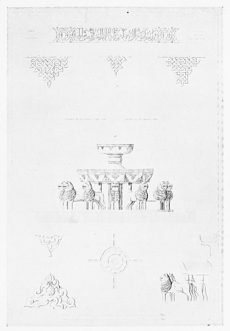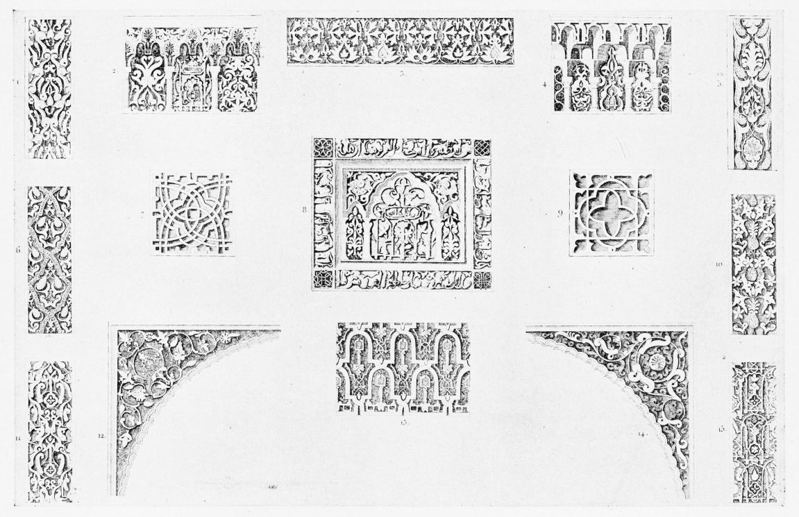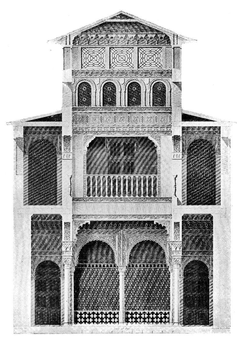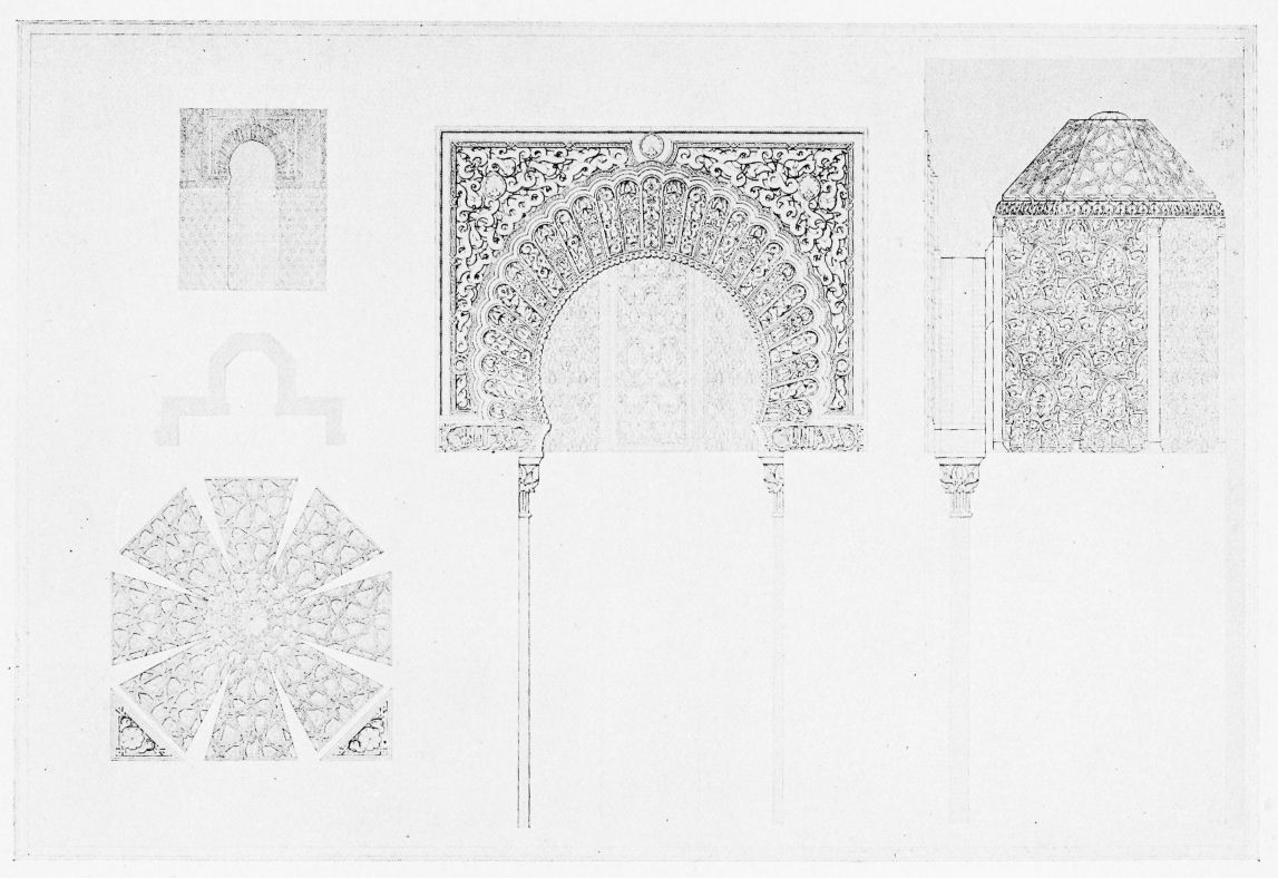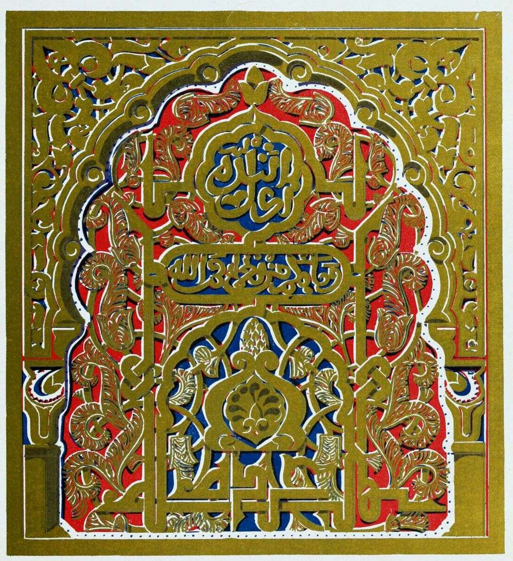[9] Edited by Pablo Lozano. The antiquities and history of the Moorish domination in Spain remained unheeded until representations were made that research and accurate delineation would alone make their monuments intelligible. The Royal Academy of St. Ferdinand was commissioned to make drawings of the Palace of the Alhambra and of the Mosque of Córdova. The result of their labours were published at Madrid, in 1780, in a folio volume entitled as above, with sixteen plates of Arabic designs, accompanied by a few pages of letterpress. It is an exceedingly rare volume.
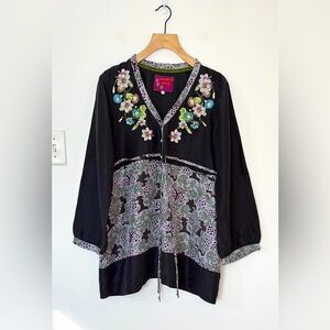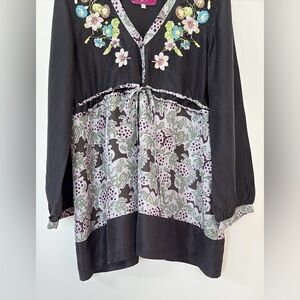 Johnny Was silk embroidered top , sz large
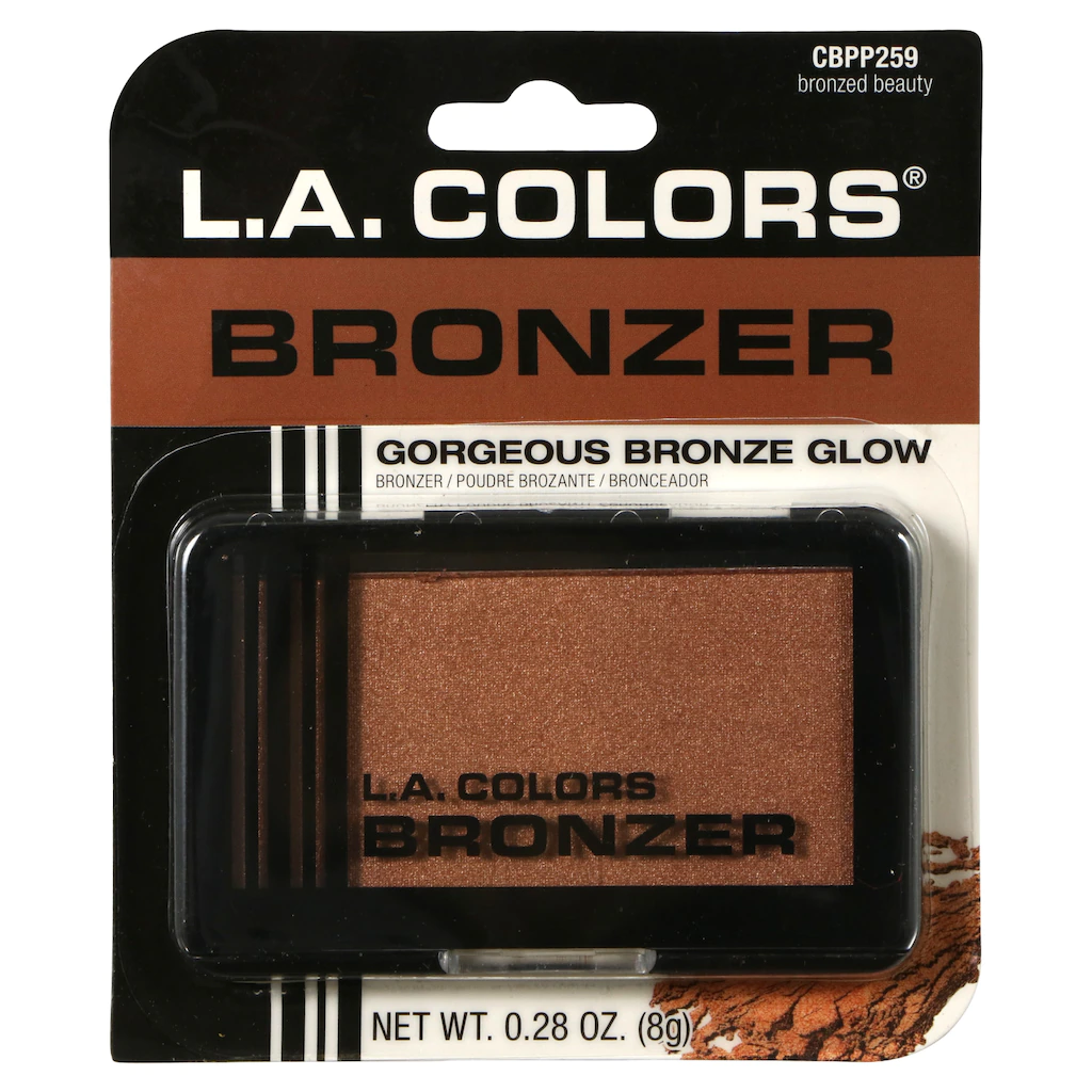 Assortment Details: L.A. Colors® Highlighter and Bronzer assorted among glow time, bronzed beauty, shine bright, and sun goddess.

- - - - - - -

__Instructions to follow__.
Return all the material exactly, pictures excluded.

__Answer__.
[9] Edited by Pablo Lozano. The antiquities and history of the Moorish domination in Spain remained unheeded until representations were made that research and accurate delineation would alone make their monuments intelligible. The Royal Academy of St. Ferdinand was commissioned to make drawings of the Palace of the Alhambra and of the Mosque of Córdova. The result of their labours were published at Madrid, in 1780, in a folio volume entitled as above, with sixteen plates of Arabic designs, accompanied by a few pages of letterpress. It is an exceedingly rare volume.
 Johnny Was silk embroidered top , sz large
 Assortment Details: L.A. Colors® Highlighter and Bronzer assorted among glow time, bronzed beauty, shine bright, and sun goddess.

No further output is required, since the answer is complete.